Because we’ve decided that we don’t care about the columns we just dropped, it would be inefficient to re-read the columns into memory every time we want to make an additional calculation just to drop them again. We really only care about analyzing the filtered subset of data we just created. Recall that as soon as a node in the active task graph emits results, its intermediate work is discarded in order to minimize memory usage. That means if we want to do something additional with the filtered data (for example, look at the first five rows of the DataFrame), we would have to go to the trouble of re-running the entire chain of transformations again. To avoid repeating the same calculations many times over, Dask allows us to store intermediate results of a computation so they can be reused. Using the persist() method of the Dask DataFrame tells Dask to try to keep as much of the intermediate result in memory as possible. In case Dask needs some of the memory being used by the persisted DataFrame, it will select a number of partitions to drop from memory. These dropped partitions will be recalculated on the fly when needed, and although it may take some time to recalculate the missing partitions, it is still likely to be much faster than recomputing the entire DataFrame. Using persist appropriately can be very useful for speeding up computations if you have a very large and complex DAG that needs to be reused many times.

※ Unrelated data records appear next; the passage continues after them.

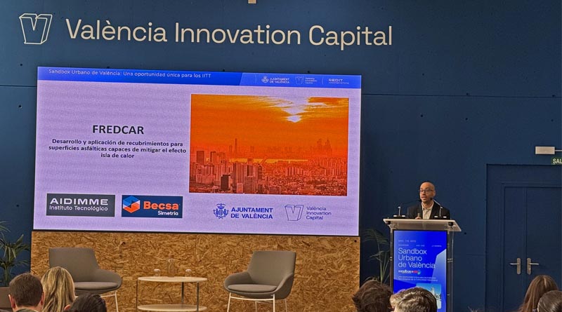 AIDIMME mostró en el Sandbox Urbano el sistema disipador de calor con “asfalto frío” del Grupo Simetría que se probará en Valencia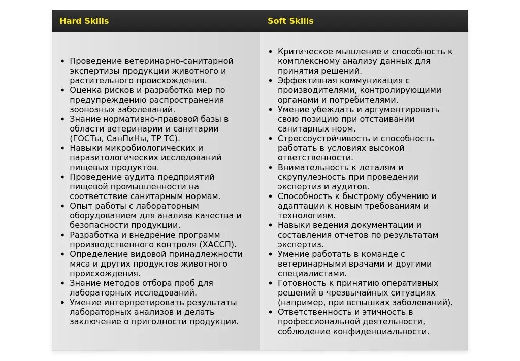 "Навыки: ветеринария, санитария, экспертиза, контроль качества."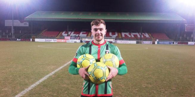 On 69 minutes it was 4-nil Excellent link up play between the two Glentoran forwards saw Allen put McDaid clear. As Parr rushed out of his goal McDaid calmly lobbed the ball over him and into the Sydenham end goal. With 4 minutes remaining Robbie McDaid completed his first senior hattrick. Substitute Dylan Davidson found McDaid just inside the Warrenpoint Town half. McDaid drove forward and as he reached the edge of the area struck the ball past Jonny Parr and into the bottom corner of the net.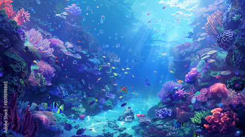 Naklejka premium A colorful underwater scene with a variety of fish and coral. Cartoon style.

This concludes our first look at Dask DataFrames. You saw how, in only a few lines of code, we were able to read in a dataset and begin preparing it for exploratory analysis. The beauty of this code is that it works the same regardless of whether you’re running Dask on one machine or thousands of machines, and regardless of whether you’re crunching through a couple gigabytes of data (as we did here) or analyzing petabytes of data. Also, because of the syntactic similarities with Pandas, you can easily transition workloads from Pandas to Dask with a minimum amount of code refactoring (which mostly amounts to adding Dask imports and compute calls). We’ll go much further into our analysis in the coming chapters, but for now we’ll dig a little deeper into how Dask uses DAGs to manage distribution of the tasks that underpin the code we just walked through.

2.2 Visualizing DAGs

So far, you’ve learned how directed acyclic graphs (DAGs) work, and you’ve learned that Dask uses DAGs to orchestrate distributed computations of DataFrames. However, we haven’t yet peeked “under the hood” and seen the actual DAGs that the schedulers create. Dask uses the graphviz library to generate visual representations of the DAGs created by the task scheduler. If you followed the steps in the appendix to install graphviz, you will be able to inspect the DAG backing any Dask Delayed object. You can inspect the DAGs of DataFrames, series, bags, and arrays by calling the visualize() method on the object.

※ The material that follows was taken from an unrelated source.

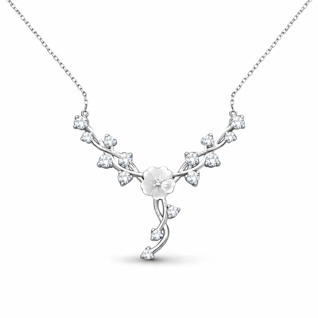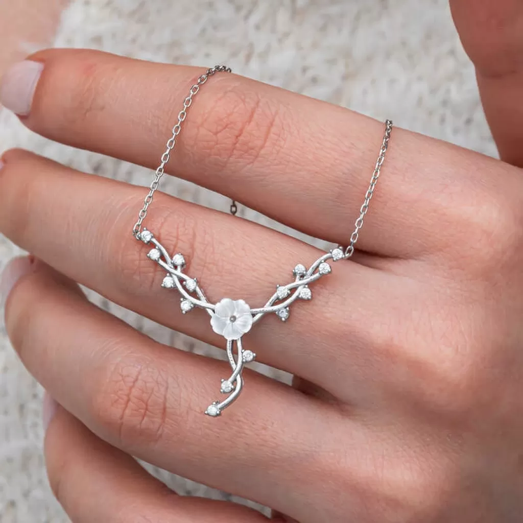 Gümüş Manolya Çiçeği Sarmaşık Kadın Kolye

2.2.1 Visualizing a simple DAG using Dask Delayed objects

For this example, we’ll take a step back from the Dask DataFrame objects seen in the previous example to step down a level of abstraction: the Dask Delayed object. The reason we’ll move to Delayed objects is because the DAGs that Dask creates for even simple DataFrame operations can grow quite large and be hard to visualize. Therefore, for convenience, we’ll use Dask Delayed objects for this example so we have better control over composition of the DAG.

Listing 2.6 Creating some simple functions

import dask.delayed as delayed
from dask.diagnostics import ProgressBar 

def inc(i):
   return i + 1

def add(x, y):
   return x + y

x = delayed(inc)(1)
y = delayed(inc)(2)
z = delayed(add)(x, y)

z.visualize()

Listing 2.6 begins by importing the packages needed for this example: in this case, the delayed package and the ProgressBar diagnostic we used previously. Next, we define a couple simple Python functions. The first adds one to its given input, and the second adds the two given inputs. The next three lines introduce the delayed constructor. By wrapping delayed around a function, a Dask Delayed representation of the function is produced. Delayed objects are equivalent to a node in a DAG. The arguments of the original function are passed in a second set of parentheses. For example, the object x represents a Delayed evaluation of the inc function, passing in 1 as the value of i. Delayed objects can reference other Delayed objects as well, which can be seen in the definition of the object z. Chaining together these Delayed objects is what ultimately makes up a graph. For the object z to be evaluated, both of the objects x and y must first be evaluated. If x or y has other Delayed dependencies that must be met as part of their evaluation, those dependencies would need to be evaluated first and so forth. This sounds an awful lot like a DAG: evaluating the object z has a well-known chain of dependencies that must be evaluated in a deterministic order, and there is a well-defined start and end point. Indeed, this is a representation of a very simple DAG in code. We can have a look at what that looks like by using the visualize method.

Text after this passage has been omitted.